Monday, January 10, 2022

The Dark Queens by Shelley Puhak

 




Reviews

This book is “a work of narrative nonfiction based on primary sources”, so it probably does not contain the full truth about the lives of the two queens, but rather an imaginary reality that can be read from the archival records and other surviving medieval documents found in our time.

I also felt a little bias on the part of the writer, as he portrayed one queen as good and the other as inherently bad.  While there are sources that would prove just the opposite.  But there has to be a good and a bad hero in every story so that we always feel personally touched in the events.  And this book was like that, I was almost present in the throne halls, on the battlefield, I mourned with the queens at the battle losses, I cried with them at the death of their husbands and children.

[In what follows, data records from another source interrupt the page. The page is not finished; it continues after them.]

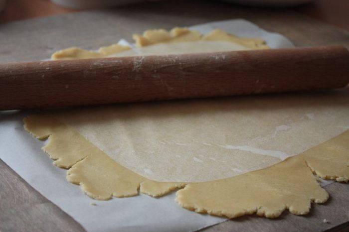 Раскатайте тесто между двумя листами бумаги для выпечки. Выложите тесто в форму для выпекания и сделайте бортики (я выкладываю прямо вместе с бумагой, на которой оно раскатывалось).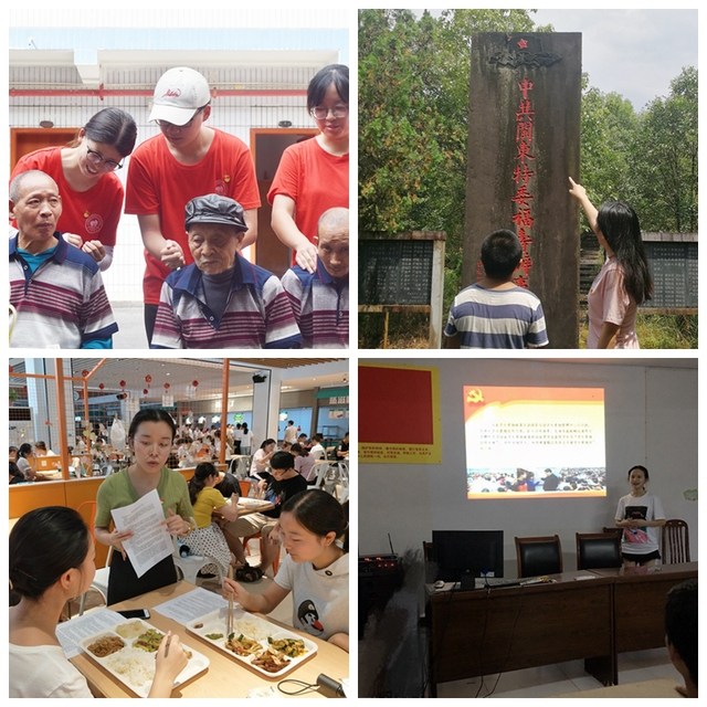 仅走进了老人们的内心,更是让党员同志们感悟到 “敬老、爱老、助老”传统美德的重要意义;高雅同志在重庆市梁平区戴斯小区开展国家政策宣讲实践活动,为准大学生们普及助学助贷,畅通求学之路;缪伊雯同志回到家乡革命老区--福建省宁德市寿宁县犀浦镇甲坑村感悟老一辈革命先烈的伟大革命精神,接受红色教育,传承红色基因,补足“精神之钙”;暑期留校准备考研的杨凯麟、王旭等共8名党员同志开展了“考研期间膳食建议”实践活动,结合专业知识向各位考生推荐合理的膳食建议,帮助考研学生能够更好的学习和生活。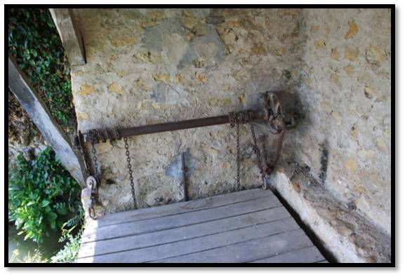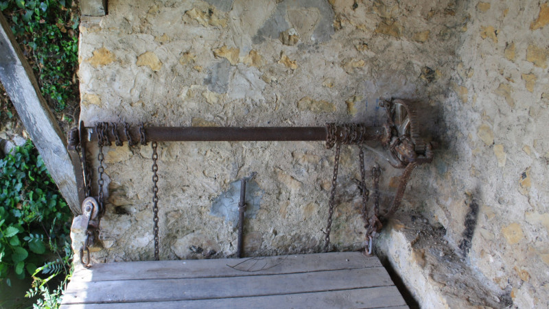 L’intérieur est constitué d’un plancher en bois suspendu par des chaînes qui permettent de le descendre ou de le remonter par un treuil manuel pour s’adapter en permanence au niveau de la rivière. |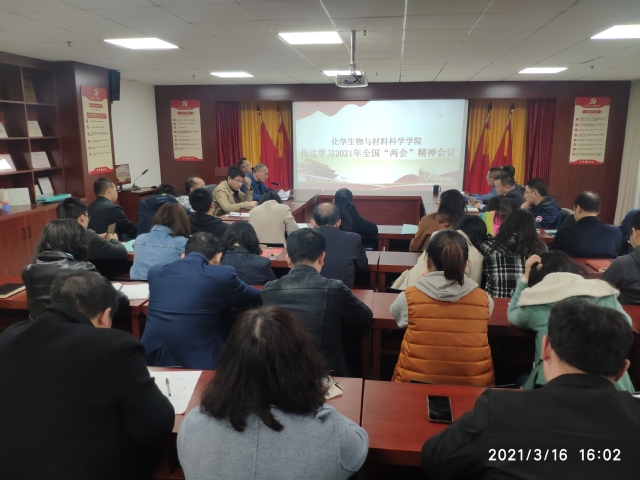 3月16日,化学生物与材料科学学院召开党委中心组第3次学习(扩大)会,专题传达学习贯彻习近平总书记在全国“两会”上的重要讲话精神,传达学习贯彻十三届全国人大四次会议精神、全国政协十三届四次会议精神和栗战书委员长参加江西代表团审议时的讲话精神。学院党委委员、科级以上干部、党支部书记、师生党员代表参加会议,学院党委书记吴小龙主持会议。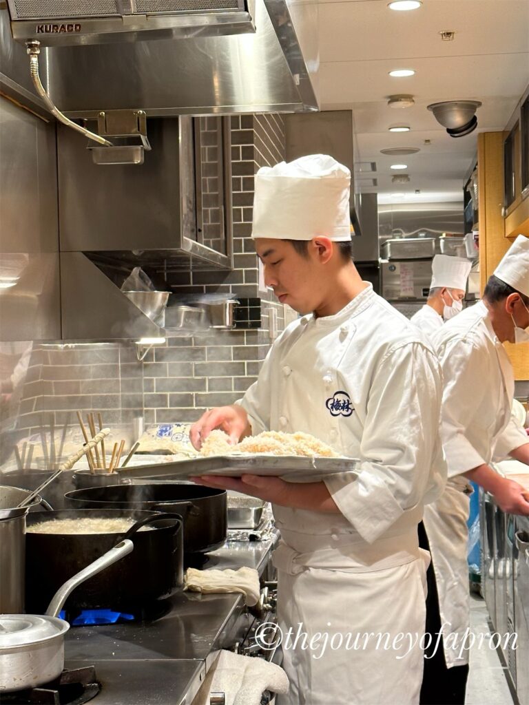 廚房設計成開放空間,師傅們各司其職,有的負責豬排前製、有人專職油炸、有些負責擺盤…..各自敬業但默契十足,在日本用餐的樂趣之一便是欣賞各家廚師的匠人風範。

It was the best and most interesting historical nonfiction of all I have read so far.  I have come to know a world and an age that has been unknown to me so far, a bloody and chaotic era in French history that was still the starting point of current French and European history.  The two queens were pragmatic and ruthless, yet we feel that romance, love of family and nation were also present in their lives.  For virtually half a century, they ruled much of the continent, yet their lives were erased from the pages of the history books by jealous descendants.

There are a lot of events and characters in the book, no pages, no sentences that would be a little boring.  We always believe that the present is the most tortuous, the most interesting, and then we realize that there were times when the lives and destinies of peoples and nations were in constant turmoil.

Thanks to Netgalley and Head of Zeus for the opportunity to read this book before it is officially published.